**EXERCISE:** Please repeat each line below exactly, with no images in the copy.

**RECORDS FOR THIS EXERCISE:**
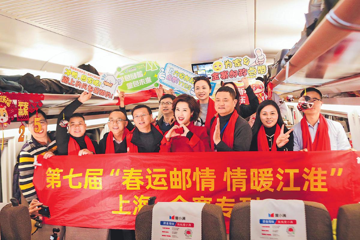 1月22日,安徽省第七届“春运邮情 情暖江淮”活动迎接皖籍务工创业人员返乡专列(厢)首发仪式在上海松江、江苏无锡、浙江台州三地同步举行,当日开行的“上海—金寨”专列和“无锡—太和”“台州—青阳”列车专厢免费承运776名皖籍务工人员返乡过年。本届活动预计开通专列(专厢)30趟,接回返乡务工创业人员6500余人。
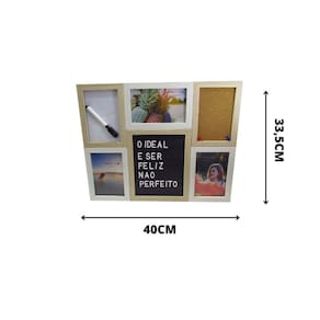 Este quadro multifuncional é ideal para organizar memórias e lembretes de forma prática e estilosa. Com espaço para três fotos de 10x15 cm (duas verticais e uma horizontal), ele também inclui uma lousa para anotações rápidas e um espaço especial para post-its ou recados. Acompanha ainda um letreiro com 142 peças, incluindo letras e símbolos, para criar mensagens personalizadas.
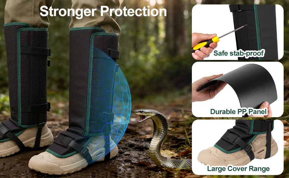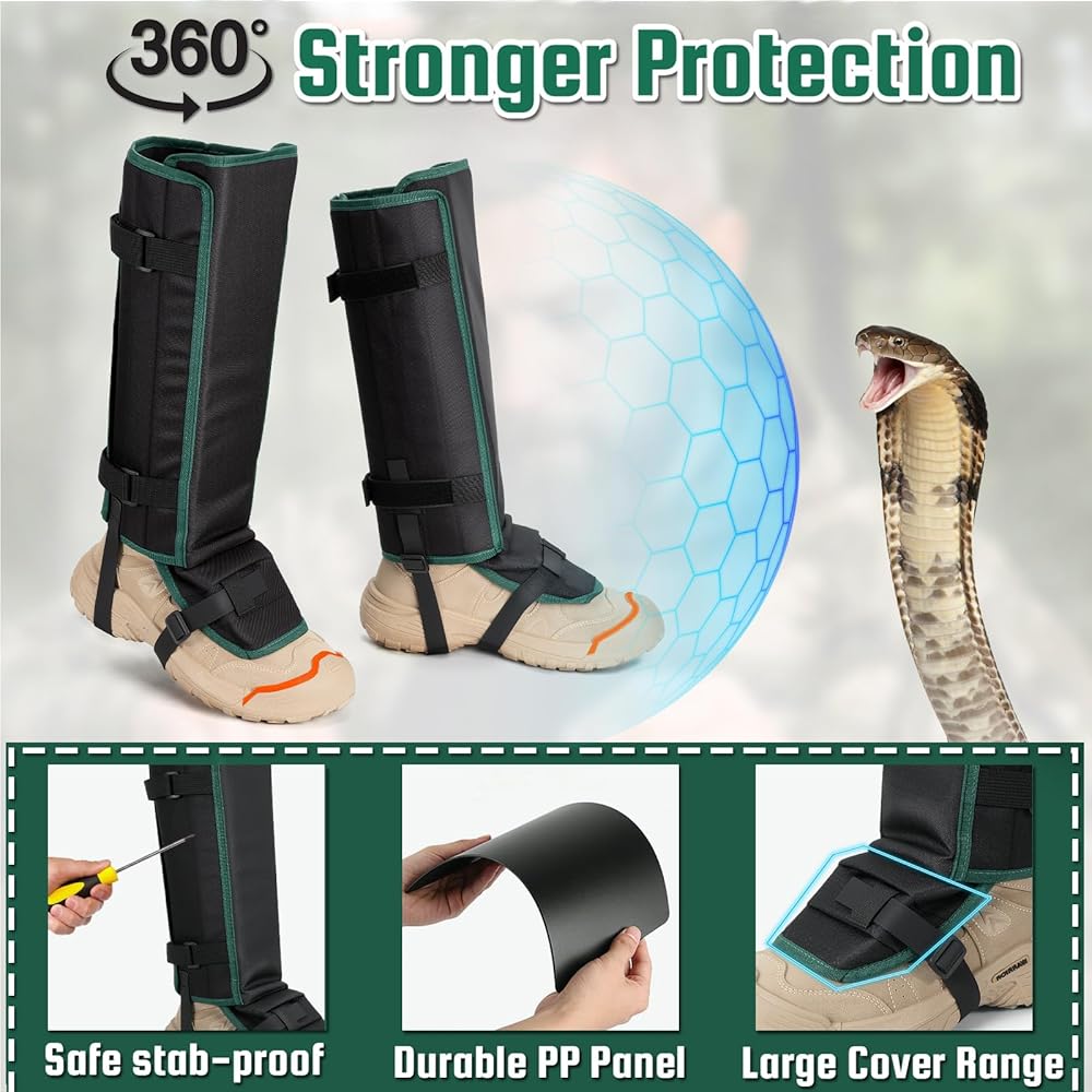 • 【جراميق حماية قوية من عضات الثعبان】- الجراميق الخاصة بنا للمشي لمسافات طويلة مصنوعة من مادة فريدة من نوعها، وألواح من البولي بروبيلين السميكة وقماش أكسفورد عالي التحمل 600D، بما يكفي لتحمل عضات الثعبان. تحمي الجراميق المقاومة للثعابين بشكل فعال من الأفاعي الجرسية والثعابين الأخرى والأشواك وأشواك الصبار وغيرها من المخاطر التي قد تواجهها في الغابات أو الصحاري
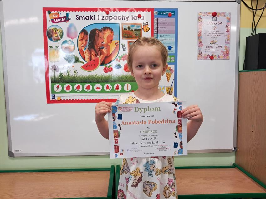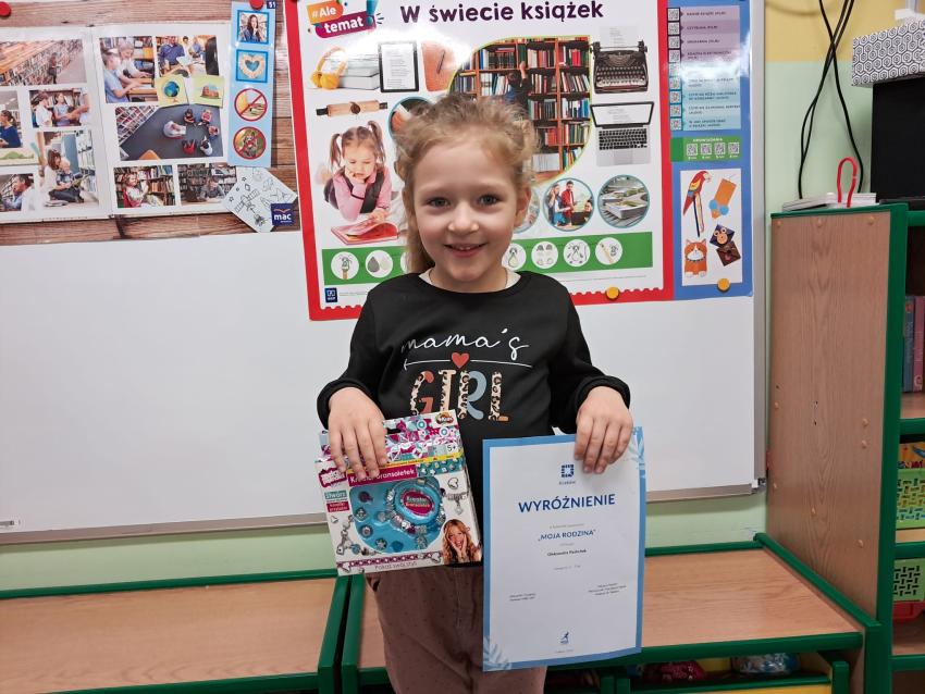 Oleksanda z gr I zdobyła wyróżnienie za udział w konkursie plastycznym pt. "Moja rodzina"
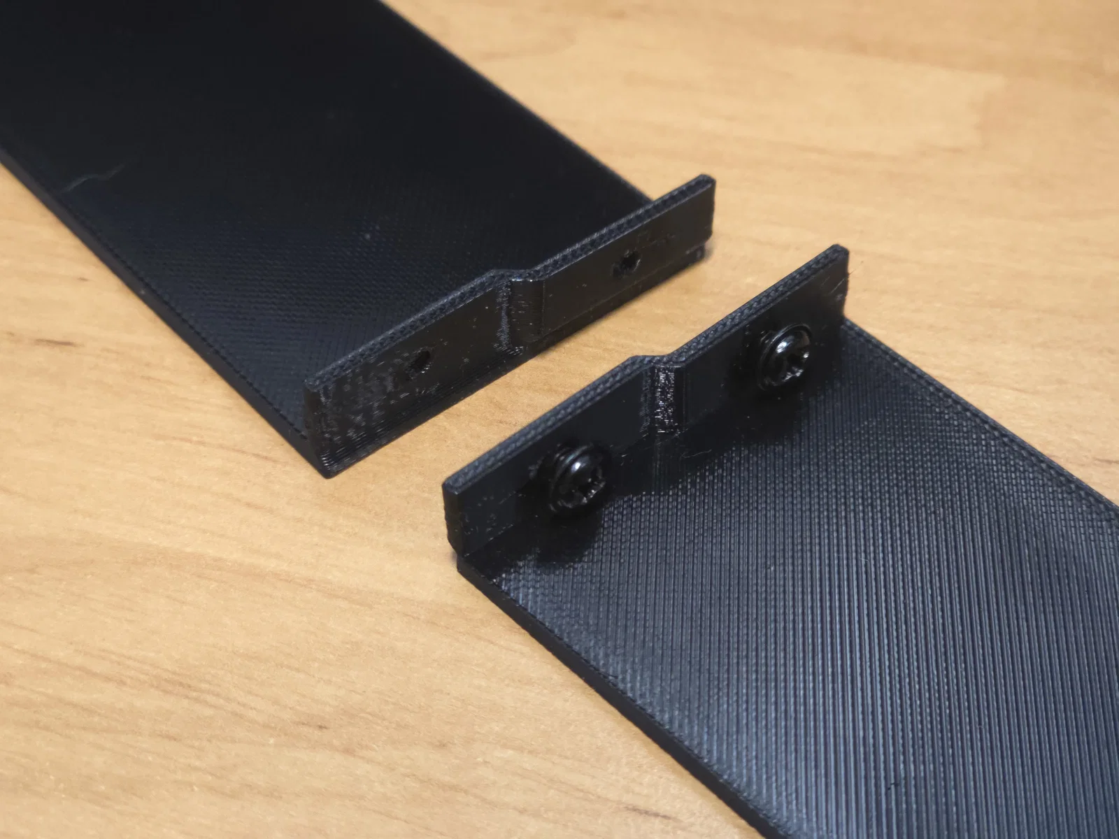 Đối với phiên bản dùng keo, mình đã thiết kế thêm các chốt và lỗ định vị để căn chỉnh cho chuẩn. Mình khuyên bạn nên dán một dải băng keo mỏng ngay đường nối để cố định và tránh keo tràn ra mặt trước làm hỏng bề mặt, sau đó chỉ cần dán tấm ghép nối lên trên và đè vật nặng lên để đảm bảo độ kết dính.
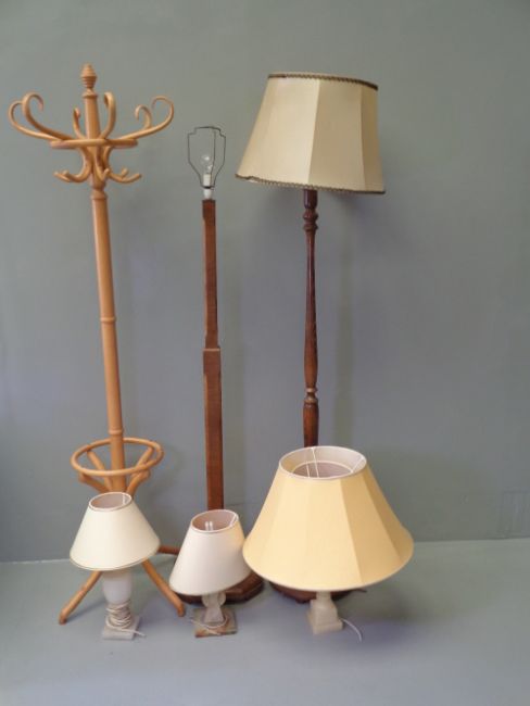 BENTWOOD HAT & COAT STAND in light wood, Art Deco style standard lamp, another standard lamp and an assortment of table lamps including mineral based
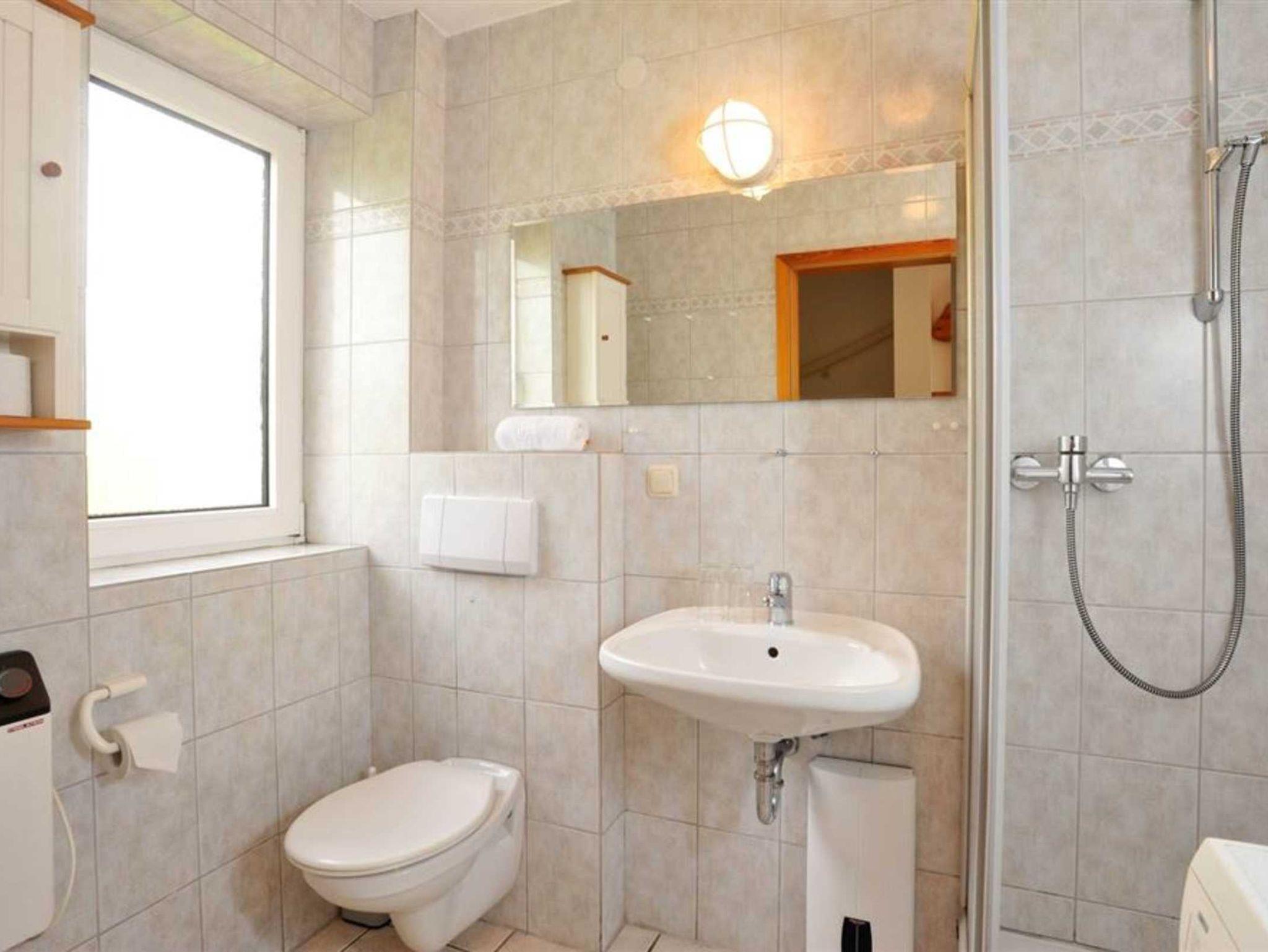 Badezimmer mit Dusche, WC, Waschmaschine und Tageslicht.

**ANSWER:**
 1月22日,安徽省第七届“春运邮情 情暖江淮”活动迎接皖籍务工创业人员返乡专列(厢)首发仪式在上海松江、江苏无锡、浙江台州三地同步举行,当日开行的“上海—金寨”专列和“无锡—太和”“台州—青阳”列车专厢免费承运776名皖籍务工人员返乡过年。本届活动预计开通专列(专厢)30趟,接回返乡务工创业人员6500余人。
 Este quadro multifuncional é ideal para organizar memórias e lembretes de forma prática e estilosa. Com espaço para três fotos de 10x15 cm (duas verticais e uma horizontal), ele também inclui uma lousa para anotações rápidas e um espaço especial para post-its ou recados. Acompanha ainda um letreiro com 142 peças, incluindo letras e símbolos, para criar mensagens personalizadas.
 • 【جراميق حماية قوية من عضات الثعبان】- الجراميق الخاصة بنا للمشي لمسافات طويلة مصنوعة من مادة فريدة من نوعها، وألواح من البولي بروبيلين السميكة وقماش أكسفورد عالي التحمل 600D، بما يكفي لتحمل عضات الثعبان. تحمي الجراميق المقاومة للثعابين بشكل فعال من الأفاعي الجرسية والثعابين الأخرى والأشواك وأشواك الصبار وغيرها من المخاطر التي قد تواجهها في الغابات أو الصحاري
 Oleksanda z gr I zdobyła wyróżnienie za udział w konkursie plastycznym pt. "Moja rodzina"
 Đối với phiên bản dùng keo, mình đã thiết kế thêm các chốt và lỗ định vị để căn chỉnh cho chuẩn. Mình khuyên bạn nên dán một dải băng keo mỏng ngay đường nối để cố định và tránh keo tràn ra mặt trước làm hỏng bề mặt, sau đó chỉ cần dán tấm ghép nối lên trên và đè vật nặng lên để đảm bảo độ kết dính.
 BENTWOOD HAT & COAT STAND in light wood, Art Deco style standard lamp, another standard lamp and an assortment of table lamps including mineral based
 Badezimmer mit Dusche, WC, Waschmaschine und Tageslicht.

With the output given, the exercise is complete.